Legislature passes NJ university overhaul

TRENTON, N.J. (AP) The New Jersey Legislature approved a bill overhauling the public university system on Thursday, capping weeks of intense behind-the-scenes negotiations and making numerous changes to the legislation to bring aboard hesitant lawmakers, labor leaders and academics by the governor's self-imposed June 30 deadline.

The bill disbands the University of Medicine and Dentistry and redistributes it to Rutgers and Rowan universities. Rowan, which was already preparing to open a medical school this year, would be given research-university status by the state and expected to start more intense health/science collaborations with Rutgers-Camden.

The measure now heads to Gov. Chris Christie, who proposed a version of the reorganization in January. Christie said he still supports the bill through its many revisions.

"I absolutely believe it should be done," he said on Townsquare Media's "Ask the Governor" radio program Thursday night. "It will be an enormous step forward for the state and the potential for Rutgers to get from good to great."

Rutgers' main governing body conditionally backed the revised plan earlier Thursday, after receiving assurances that it would retain authority over all of its campuses. Earlier versions of the bill diluted the board's academic and financial authority over its campuses in Camden and Newark; the new bill has only health sciences curriculum and projects at Camden and Rowan falling under oversight of a new board.

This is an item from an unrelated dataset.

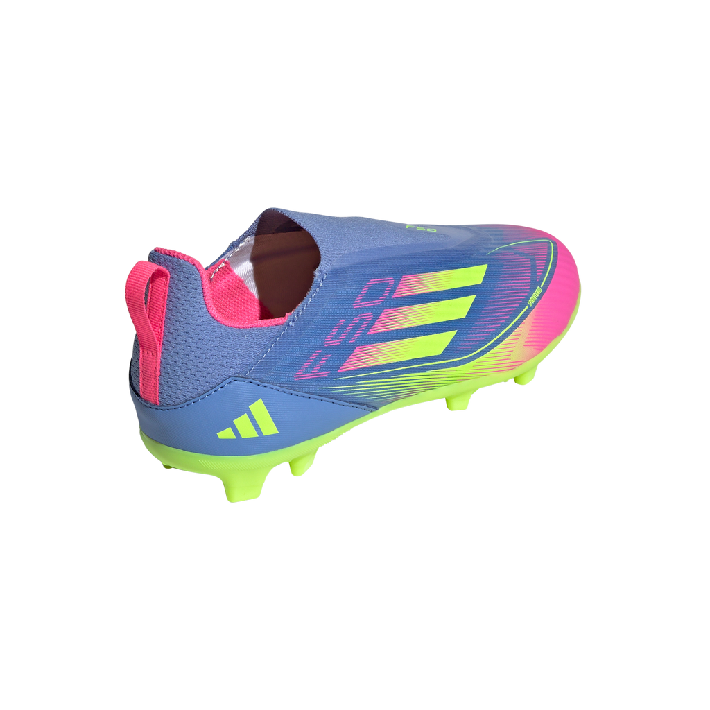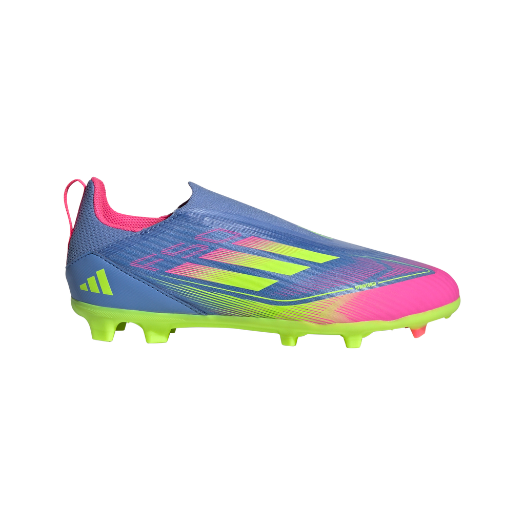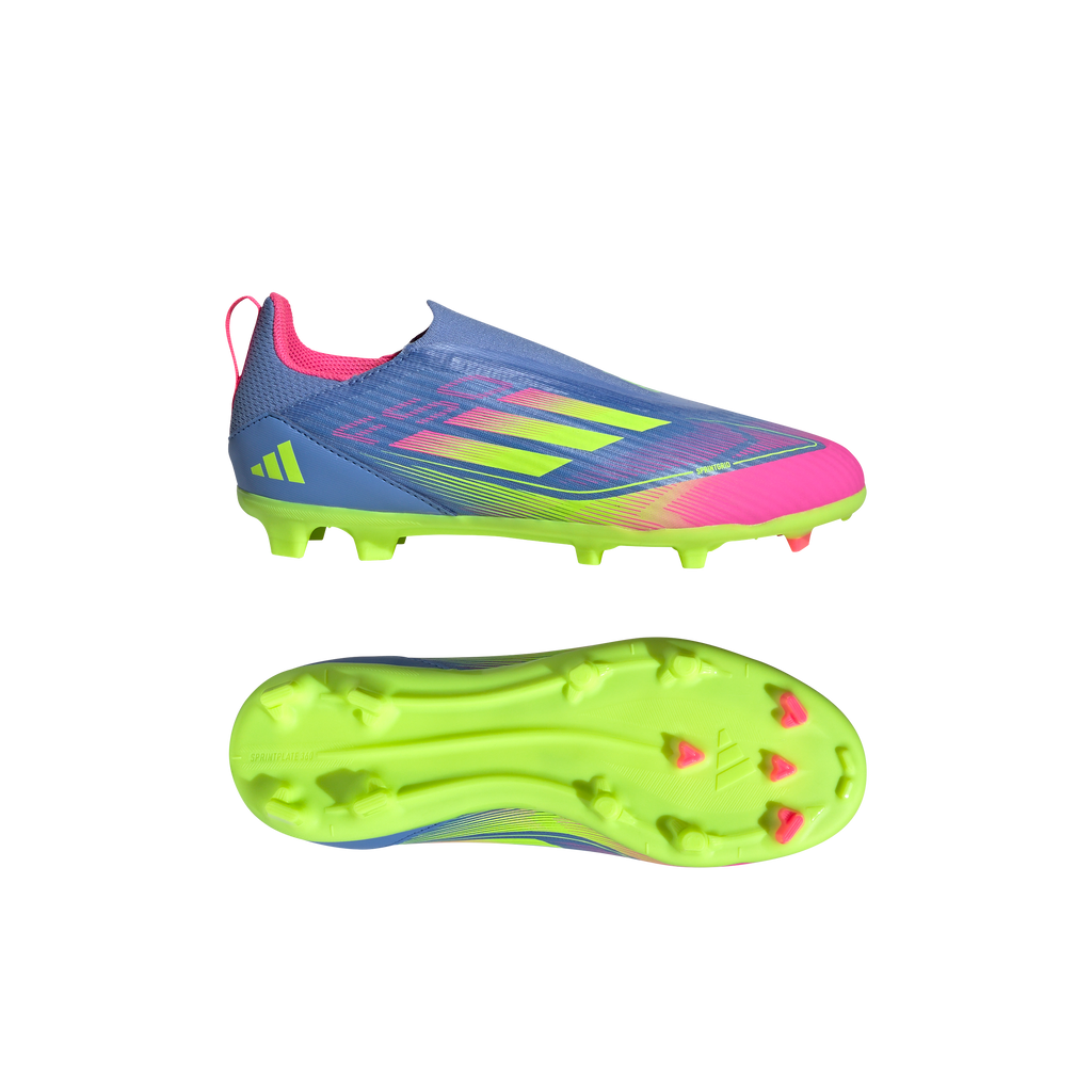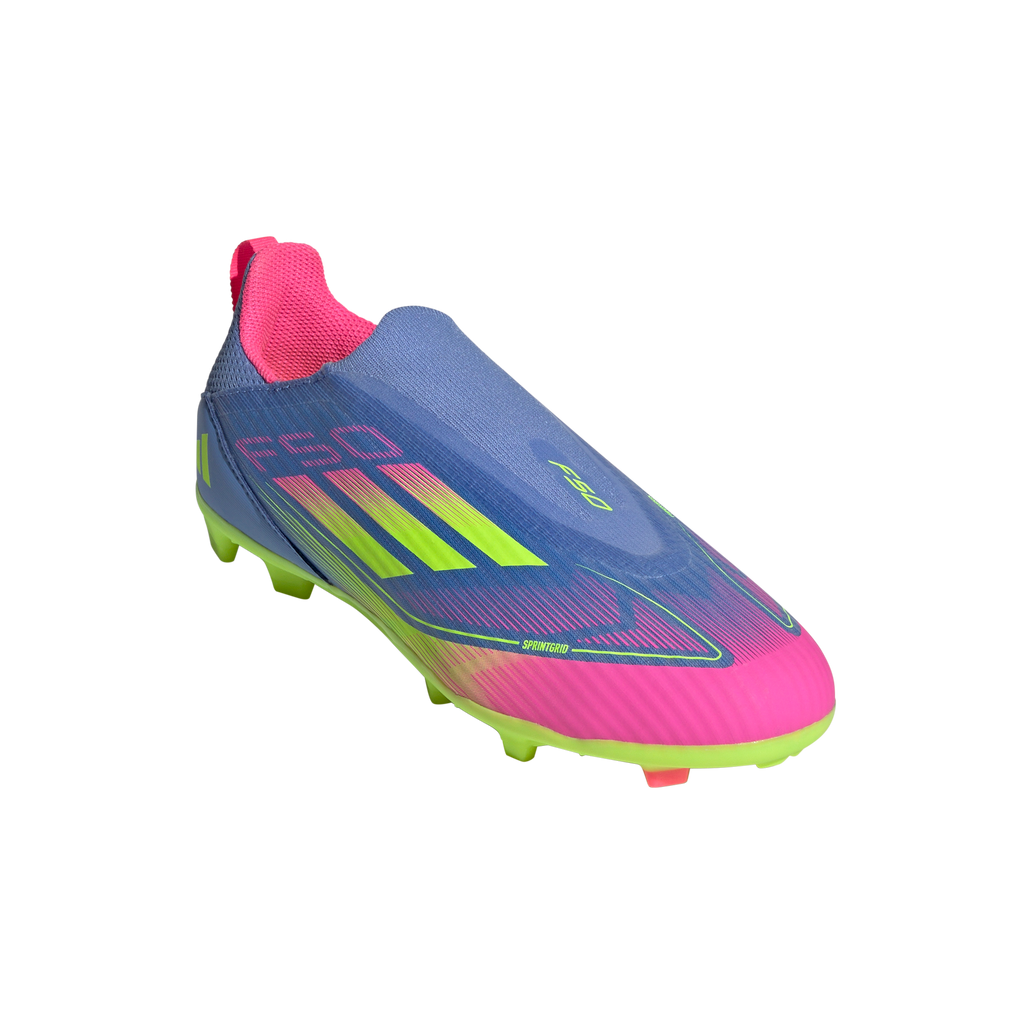 Push your pace to the limit in lightweight adidas F50 footwear engineered for speed. Standing out with an eye-catching Sprintgrid print, the Fiberskin upper on these juniors' League football boots employs an adaptive laceless collar for solid lockdown and clean striking. Turn them over and you'll find a Sprintplate 360 outsole that delivers extra zip on firm ground and artificial grass surfaces.

The board's backing helped ease passage of the consolidation bill.

The university's trustee board, which is mainly advisory, remains divided and did not take action Thursday. It has retained a lawyer and is threatening to sue.

Sen. Donald Norcross, a Democrat from Camden and one of the architects of the compromise plan, said he expects the trustees to agree once they know the details.

He said Rutgers will now stop treating its campuses in Newark and Camden as money-making operations and start funding them more fully. He said the Camden campus could take up three times as much space in a decade as a result of more state funding and better access to outside grants.

His brother Democratic powerbroker George Norcross III is also a supporter. George Norcross is chairman of the board of Cooper University Hospital, which has partnered with Rowan on the new medical school. The bill gives UMDNJ's osteopathic school to Rowan.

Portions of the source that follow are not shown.